DNA nanotechnology, synthetic biology and nanoscale metamaterials are on the path to realizing visions of nanomedicine and visible spectrum control.
DNA nanorobotics and synthetic biology are the first two items. One thing to remember is that work that is published in research papers was done in the lab 1-2 years ago. The current work by the
researchers is ahead of what they published. The third item is metamaterial related. The actual application of stationary cloaking in the visible spectrum is less interesting that the large scale
production of nanoscale feature size metamaterials which can be adapted to engineer physical properties. One point of interest in the second item beyond determining how to reinforce DNA structures was the DNA paint capability to enhance observation at the nanoscale.
DNA nanorobots are demoed in live cockroaches and could be in humans by 2019 and could scale to Commodore 64 – eight bit computing power
1. Researchers have injected various kinds of DNA nanobots into cockroaches. Because the nanobots are labelled with fluorescent markers, the researchers can follow them and analyse how different robot combinations affect where substances are delivered. The team says the accuracy of delivery and control of the nanobots is equivalent to a computer system.
This is the development of the vision of nanomedicine.
This is the realization of the power of DNA nanotechnology.
This is programmable dna nanotechnology.
The DNA nanotechnology cannot perform atomically precise chemistry (yet), but having control of the DNA combined with advanced synthetic biology and control of proteins and nanoparticles is clearly
developing into very interesting capabilities.
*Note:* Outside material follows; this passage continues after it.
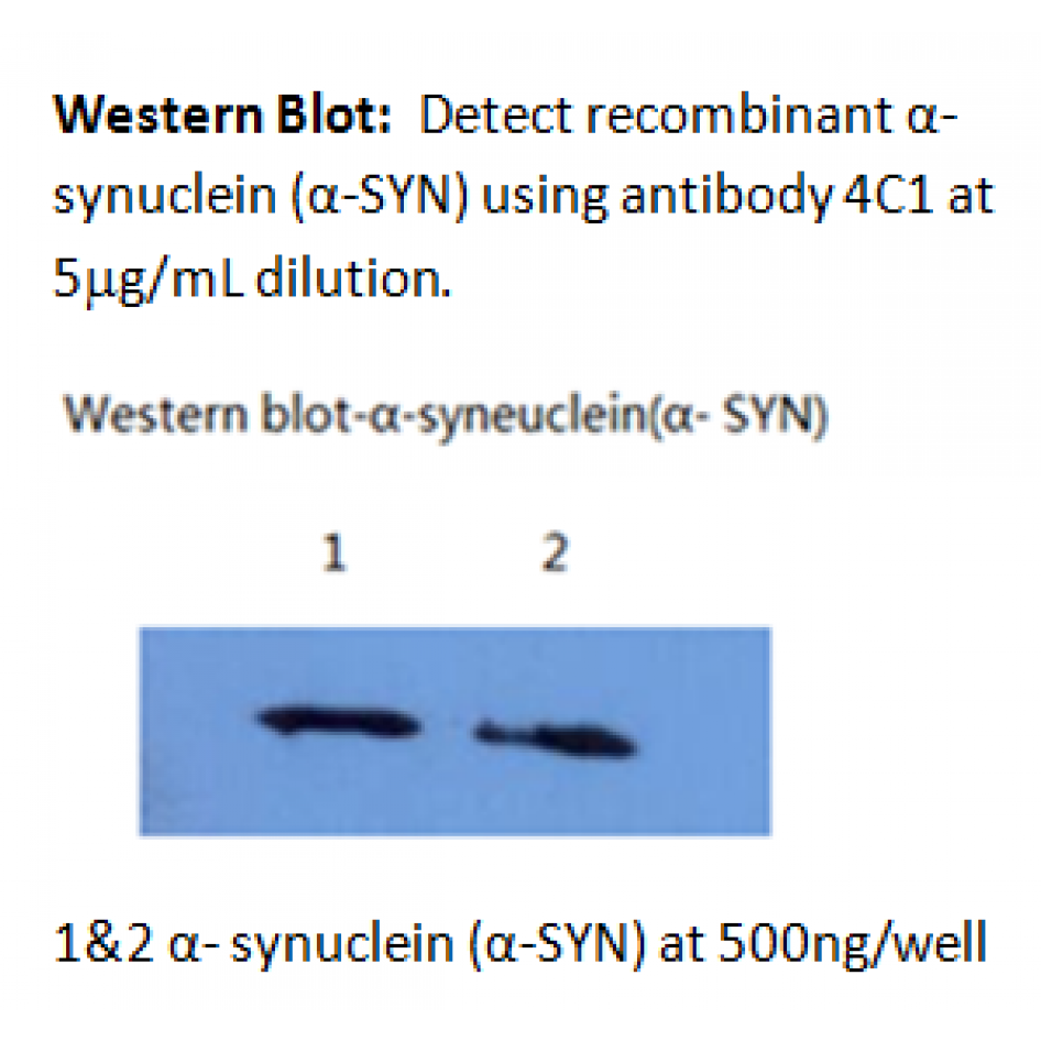 Western Blot: Detect recombinant α- synuclein (α-SYN) using antibody 4C1 at 5μg/mL dilution.

“This is the first time that biological therapy has been able to match how a computer processor works,” says co-author Ido Bachelet of the Institute of Nanotechnology and Advanced Materials at Bar Ilan University.
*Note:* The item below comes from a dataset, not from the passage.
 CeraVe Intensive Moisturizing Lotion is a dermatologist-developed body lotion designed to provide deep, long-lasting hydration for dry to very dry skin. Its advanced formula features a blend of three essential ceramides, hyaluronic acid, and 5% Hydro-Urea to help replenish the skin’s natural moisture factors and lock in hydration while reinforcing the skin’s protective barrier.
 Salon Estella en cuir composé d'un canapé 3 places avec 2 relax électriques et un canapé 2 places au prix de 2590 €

The team says it should be possible to scale up the computing power in the cockroach to that of an 8-bit computer, equivalent to a Commodore 64 or Atari 800 from the 1980s. Goni-Moreno agrees that this is feasible. “The mechanism seems easy to scale up so the complexity of the computations will soon become higher,” he says.
Reinforced self assembled DNA cages one tenth the size of a bacteria
2. Scientists at the Harvard’s Wyss Institute have built a set of self-assembling DNA cages one-tenth as wide as a bacterium. The structures are some of the largest and most complex structures ever constructed solely from DNA. The cage could be modified with chemical hooks that could be used to hang other components such as proteins or gold nanoparticles. With sides of 100 nm length, and a volume one one thousandth that of a typical bacterial cell, these ‘closets’ should be large enough to precisely assemble fairly complex assortments of nanoscale functional elements.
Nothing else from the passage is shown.